The other thing you will want to do is be consistent. Bed Bath & Beyond trained people to expect a deal every week. Never train your buyer to expect you will fold every time they push back. Hold your line. Do it calmly. Do it with facts. If you do not respect your price, why should they? I had a television competitor who for years would not hold the line on value. They would sell football at the real rate on Monday, but by Thursday the rate would be cut in half. Market buyers knew to wait until Friday afternoon to pay pennies on the dollar. And if they didn’t know, we would tell them.
There is a phrase for this. “People do not value what comes cheap.” Cheap promises are cheap to break. Premium value gets treated with care. Look at Starbucks. Five bucks for a cup of coffee. No coupon. Why? Because they sell an experience people crave. Bed Bath & Beyond sold stuff people can find anywhere. Starbucks sells a moment people want every day. You want to be Starbucks in this scenario, not part of the discount coupon parade.

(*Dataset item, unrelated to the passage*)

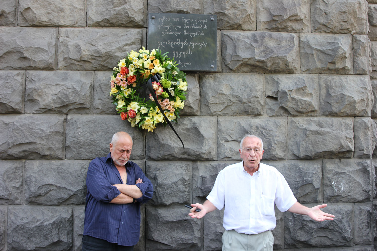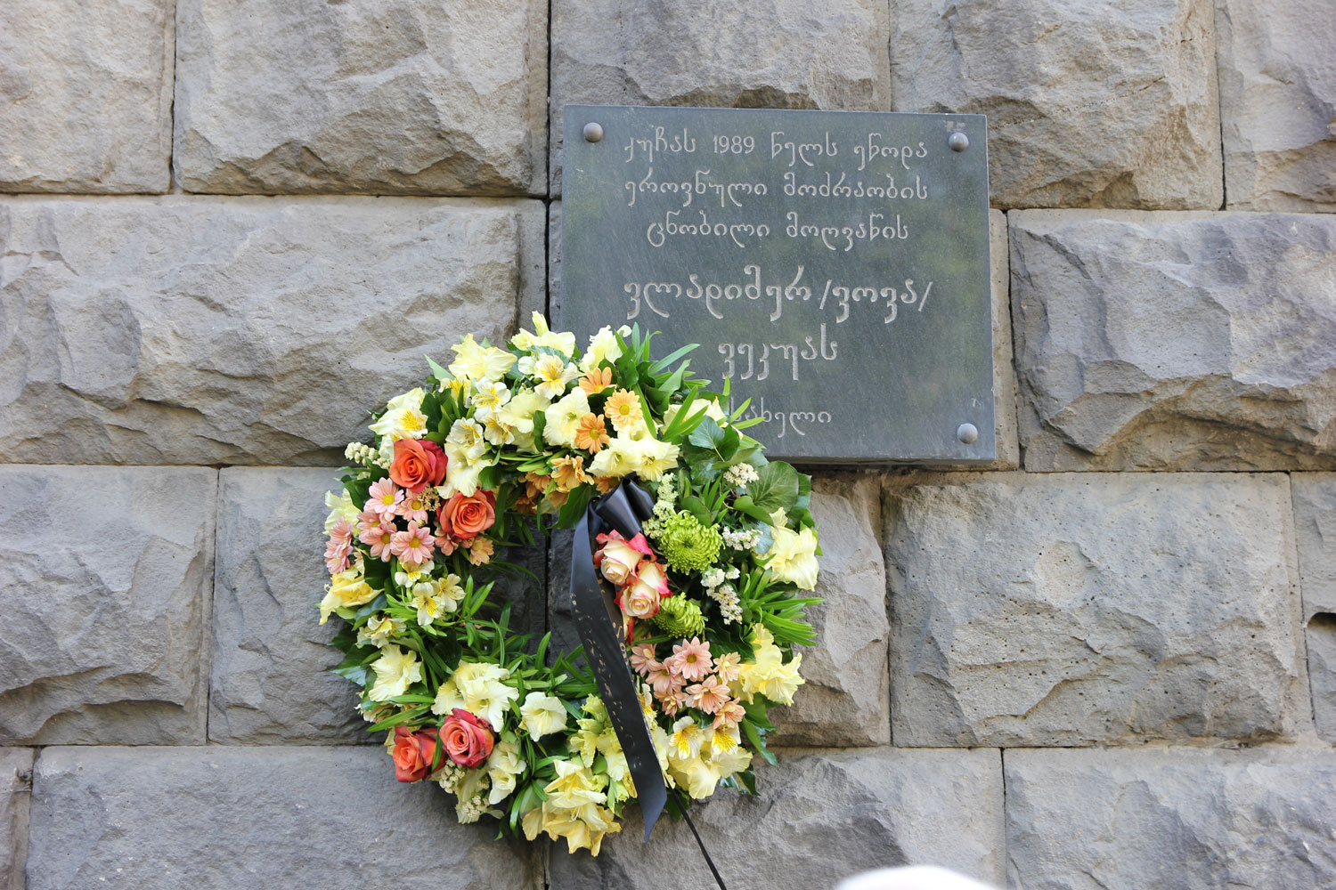 აფხაზეთის ხელისუფლების წარმომადგენლებმა და აფხაზეთიდან დევნილმა საზოგადოებამ, ვოვა ვეკუას მემორიალური დაფა გვირგვინით შეამკეს

Remember this when the buyer pokes at your price. Hold your ground with warmth, not arrogance. Show them what they get. Remind them what it costs them to stay where they are. Or worse, show them the high cost and slow burn of inaction. Use real examples. Tell them about another client who tried the cheap plan first and ended up back with you paying full price because the cheap plan failed. Stories beat discounts every time. Stories stick while discounts fade. Except when it comes to re-signing the client. Then, they never forget the discount and expect it again.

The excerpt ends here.